Scientific classification
- Kingdom: Animalia
- Phylum: Chordata
- Class: Actinopterygii
- Order: Cichliformes
- Family: Cichlidae
- Genus: Sciaenochromis
- Species: S. ahli
- Binomial name: Sciaenochromis ahli (Trewavas, 1935)
- Synonyms: Haplochromis ahli Trewavas, 1935; Cyrtocara ahli (Trewavas, 1935);

= Electric blue hap =

- Authority: (Trewavas, 1935)
- Conservation status: LC
- Synonyms: Haplochromis ahli Trewavas, 1935, Cyrtocara ahli (Trewavas, 1935)

Species of fish

The electric blue hap (Sciaenochromis ahli) is a species of cichlid fish endemic to Lake Malawi. It prefers to live in caves and crevices in rocky substrates.

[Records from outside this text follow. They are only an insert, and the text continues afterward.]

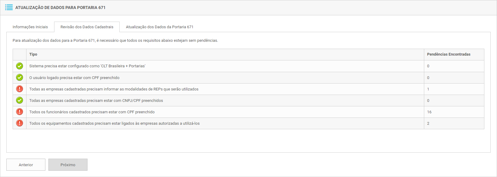 Nesta tela o usuário deverá seguir os passos para completar as etapas, conferindo quais dados são necessários atualizar para entrar em vigor com a Portaria 671.
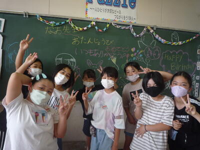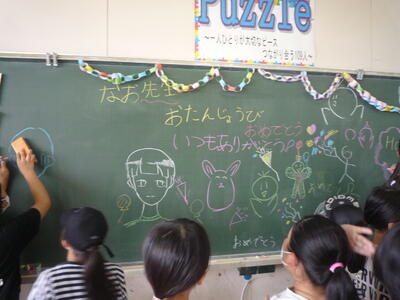 朝の教室から 投稿: 校長 (2022/06/23) 6月23日(木) 今日は5年生の教室から 今日は、担任の先生の誕生日。 先生が来る前に、子どもたちが黒板にお祝いメッセージを書いています。 先生が入ってくる教室の入り口はリボンで飾って。 本当に優しくて、あったかくて、思いやりのある子どもたちです。 こんな素敵な子どもたちが寒河江中部小にはいっぱいいます。
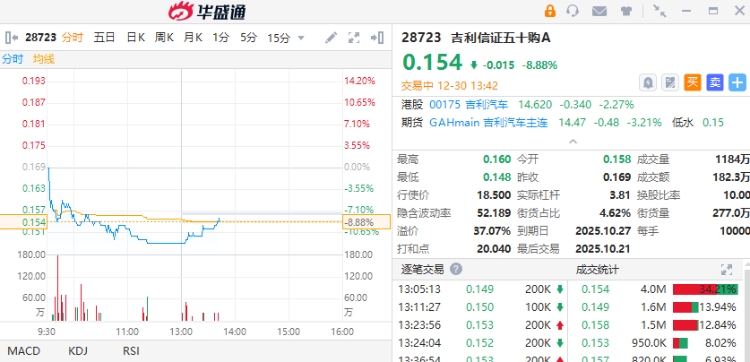 吉利(00175) $00175.HK 早段跌逾3%,股份今年以来表现强势,月中曾高见16港元水平,若认为股价短线有反弹,可以留意吉利认购证(28723) $28723.HK ,行使价18.5港元,明年10月底到期,实际杠杆约3.8倍;相反,认为行业竞争将会持续并拖累吉利股价,可以留意吉利认沽证(29353) $29353.HK ,行使价12港元,明年6月到期,实际杠杆约4.3倍。

This species can reach a length of 20 cm TL. It can occasionally be found in the aquarium trade.

==In the aquarium==
Although it occasionally appears in the trade, the true electric blue hap (Sciaenochromis ahli) is rarely imported for aquaria; most fish sold under that common name belong to the related species Sciaenochromis fryeri. It should be kept in tanks of no less than 150 litres. A semi-aggressive fish, only one male is recommended per tank; however if large numbers are kept in a spacious enough environment, it is possible to keep more than one. Tank mates must be selected carefully. Large numbers prevent a single fish from being the target of aggression. The females are a drab grey in comparison and slightly smaller. They prefer rocky exhibits with coral sand.

==Breeding==
As with many other cichlids, the electric blue hap is a mouth-brooder. The recommended ratio of males to females is 1:4. The female broods for 2–3 weeks. When the fry are released, they are around 1 cm.

==Etymology==
The specific name of this fish honours the German zoologist Ernst Ahl (1898-1945) who originally described this species in 1926 as Haplochromis serranoides but this name had already been used by Charles Tate Regan in 1922, although Regan's name is a synonym of Haplochromis spekii.